Briggs & Stratton Corporation (NYSE: BGG) announced financial results for its first quarter of fiscal 2020, which ended September 29, 2019.
- Fiscal 2020 first quarter net sales were $314 million, up $35 million or 12% from $279 million for the prior year. Both engines and products segments drove the sales growth, including higher revenue in service parts, as expected, on improved throughput. Sales of engines and turf products serving commercial applications increased by double digits, partially offset by lower job site sales due to timing of certain shipments. Storm-related generator shipments declined from a year-ago due to the relatively low amount of power outages caused by Hurricane Dorian.
- As expected, quarterly GAAP gross profit margin of 13.8% and adjusted gross profit margin of 15.6% declined from GAAP gross profit margin of 15.7% and adjusted gross profit margin of 16.9% from the first quarter of fiscal 2019, principally from unfavorable sales mix within the products segment, tariff costs and residual inefficiencies from last year’s implementation of the business optimization program. This was partially offset by strong margin improvement in the engines segment.

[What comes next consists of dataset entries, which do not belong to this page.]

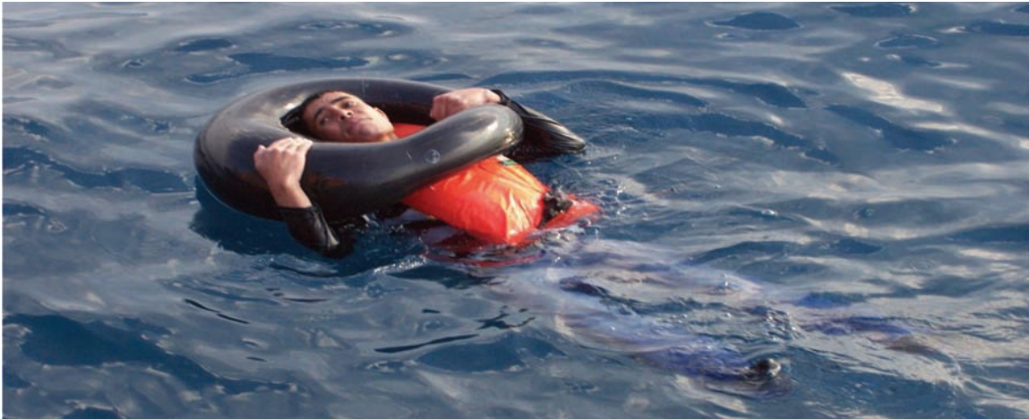
Migrant being rescued by the Hellenic Coast Guard in the Aegean Sea.

Although Human Rights Watch interviewed five migrants who were rescued and brought ashore by the Greek Coast Guard (some, but not all of those rescued also said that they were beaten or threatened with being shot), 10 other migrants told Human Rights Watch about uniformed guardsmen pushing them back into Turkish waters, puncturing their inflatable boats, as well as beating and robbing them. Another two migrants who the Greek Coast Guard returned to Turkish waters said that they had disabled their own boat.
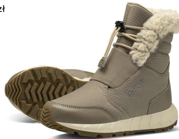
10009-0038 Beige (COFW23)
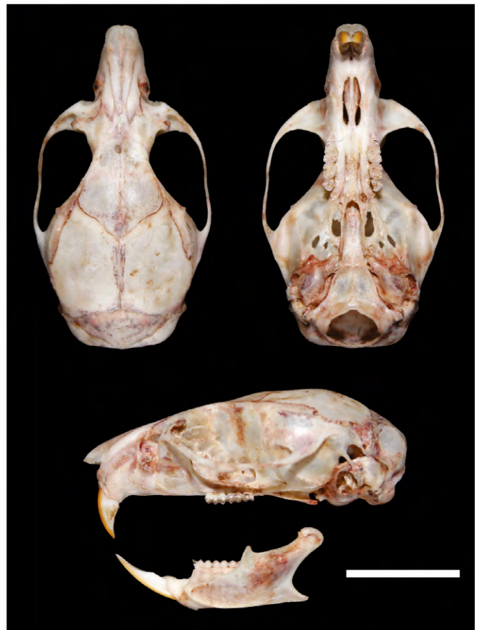
Figures 1–3. Specimen of Rhagomys longilingua (MUSA 13453) collected in Santa Rita Alta, Huallaga River, Peru. 1. External morphology of the living individual. 2. Diagnostic characters of manus and pes (pads and claws). 3. Dorsal, ventral and lateral views of cranium and mandible, scale bar equal to 10 mm.

- First quarter GAAP net loss of $33.6 million, or $0.81 per share, included $6.4 million in pre-tax charges for business optimization and engine manufacturing consolidation. Excluding these items, the adjusted net loss for the fiscal 2020 first quarter was $27.6 million, or $0.67 per share, compared to adjusted net loss of $21.0 million, or $0.51 per share, for the fiscal first quarter of the prior year.
- The company refinanced its revolving credit facility with a new credit facility which provides up to $625 million in borrowing capacity, subject to a borrowing base.
“Our first quarter results were solid relative to our plan and we made meaningful progress on our key focus areas to drive better overall business performance,” stated Todd J. Teske, chairman, president and chief executive officer. “We are particularly pleased with the improved fulfillment levels in our service parts business, which is returning to industry-leading parts delivery and performance. We also saw further operational improvements in Vanguard commercial engines with quarterly production exceeding planned rates. There remains more work to be done, but our performance during the quarter has us encouraged that we are making the right progress to meet customer expectations and drive the planned efficiency improvements.” Teske continued, “Managing working capital is an important focus. Despite having seasonally elevated inventory levels, we are tracking to plan to deliver a meaningful reduction in inventory by the end of the fiscal year. This, combined with the refinancing of our revolving credit facility, is an important first step in strengthening the balance sheet.”
Fiscal 2020 outlook:
The company is maintaining its previous financial guidance for fiscal 2020. Net sales are expected to be within a range of $1.91 billion to $1.97 billion, which contemplates midpoint growth of approximately 5.5% over fiscal 2019’s performance. Adjusted net income is expected within a range of $9 million to $17 million, or $0.20 to $0.40 per diluted share, prior to the impact of costs related to the company’s business optimization program and the engine manufacturing consolidation project. Storm-related generator sales in the first quarter drove modest upside to our planned results, which helps support the achievement of the outlook for the year. The outlook does not contemplate potential incremental demand related to power outages in California.